Dataset entries:
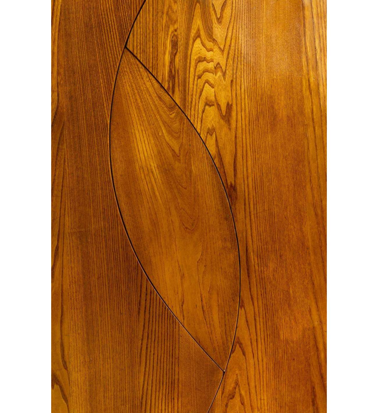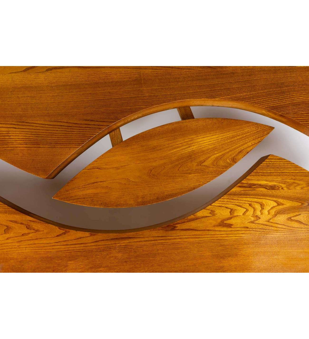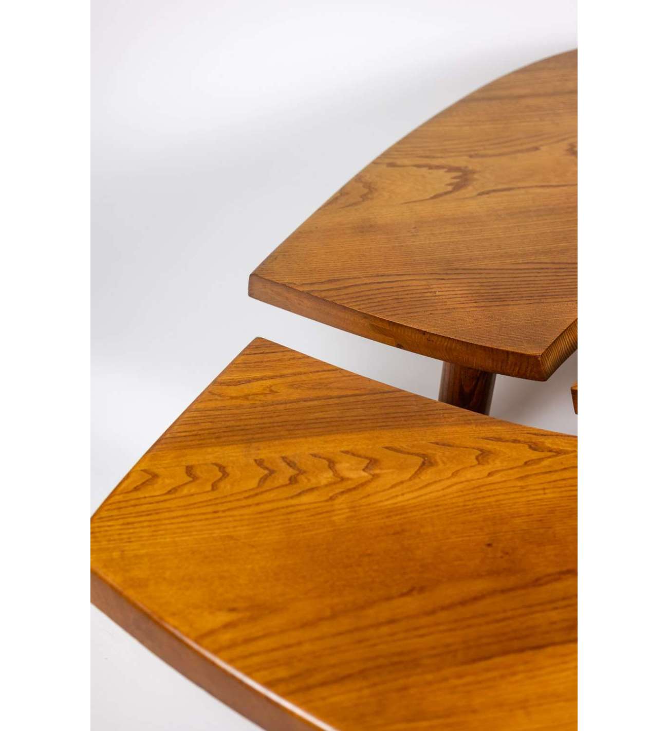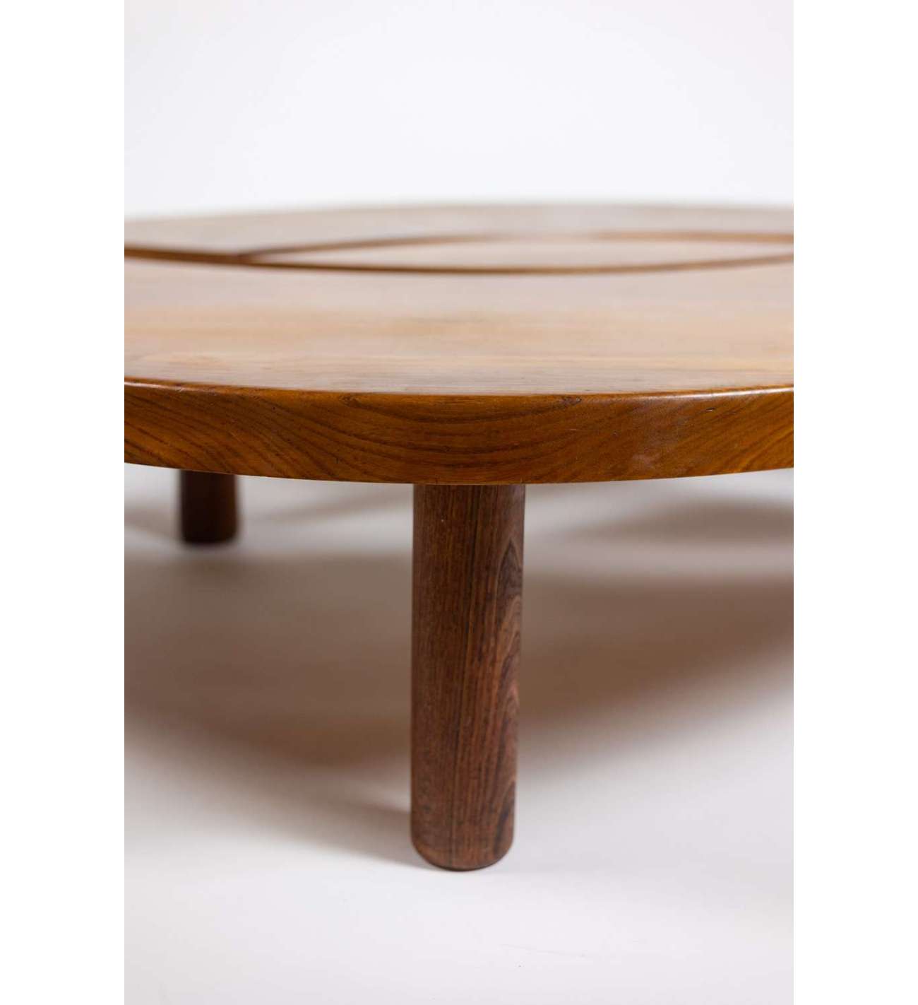 Table basse modèle « T22 C » en orme massif blond et de forme oeil.
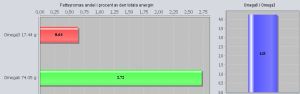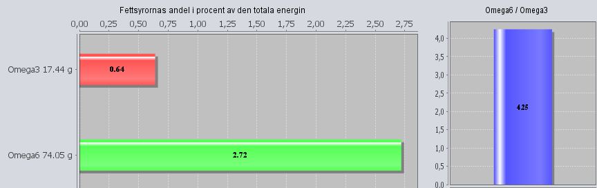 Bilden visar Omega 3 och Omega 6 intaget i min kost sista 14 dagarna och relationen mellan dessa. I en perfekt värld ska alltså den röda och gröna stapeln vara lika långa och just nu är relationen ca 1:4. Till detta äter jag extra Omega 3 kapslar som varierar mellan 171-300 mg omega 3 fetter per kapsel, jag tar oftast tre stycken. Detta gör ju att stapeln blir bättre MEN då har något geni även stoppat in Omega 6 i mina nya kapslar så jag hamnar tillbaka på ruta 1? Såååå, köp INTE Omega 3 kapslar MED Omega 6 i sig. (linolsyra, gammalinolensyra, DHGLA syra, arakidonsyra (AA). Både Omega 3 och Omega 6 är essentiella och måste tillföras i maten men Omega 6 får jag i alla fall jag i mig enkelt genom att äta; fiberhavregryn, jordnötssmör, sötmandel, kyckling, avokado, dinkel mm.
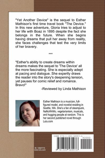 "Yet Another Device" is the sequel to Esther Mathison's first time travel book "The Device." In this new adventure, Gloria tries to adjust to her life with Boaz in 1895 despite the fact she belongs in the future. When she begins having dreams that pull her away from reality, she faces challenges that test the very limits of her bravery.
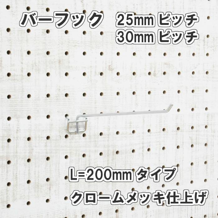 有孔ボード用 バーフック L= 200mm 長さ クロームメッキ仕上 1個入 25mm 30mm ピッチ 銀 シルバー 吊り下げ 小物掛け 金具 DIY インテリア アサヒ
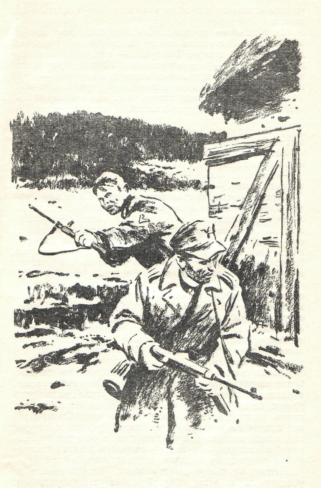 автоматчику, но тут вступил в бой автоматчик, сидевший на чердаке и не
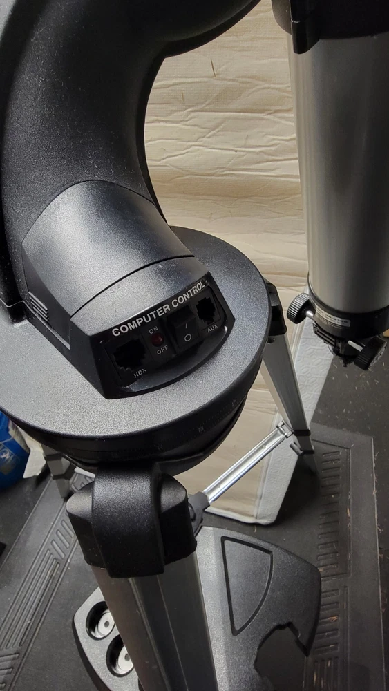 The Meade Autostar DS-2102 is a digital telescope with a motorized base and a built-on StarPointer finderscope. It comes with a tripod for stable viewing and tracking of celestial objects. The telescope features fully coated lenses for clear and bright images, making it a great option for stargazing enthusiasts. Please note that this particular listing is for parts only. Selling as is in pictures. When tested only problem present seemed to be no automatic base rotation. Only motorized hinging at arm worked.

Directions for this task: Write out, word for word, the stretch of entries that begins at the line with "有孔ボード用 バーフック L= 200mm" and ends at the line with "автоматчику, но тут". Pictures do not belong in it.

Output of the task:
 有孔ボード用 バーフック L= 200mm 長さ クロームメッキ仕上 1個入 25mm 30mm ピッチ 銀 シルバー 吊り下げ 小物掛け 金具 DIY インテリア アサヒ
 автоматчику, но тут вступил в бой автоматчик, сидевший на чердаке и не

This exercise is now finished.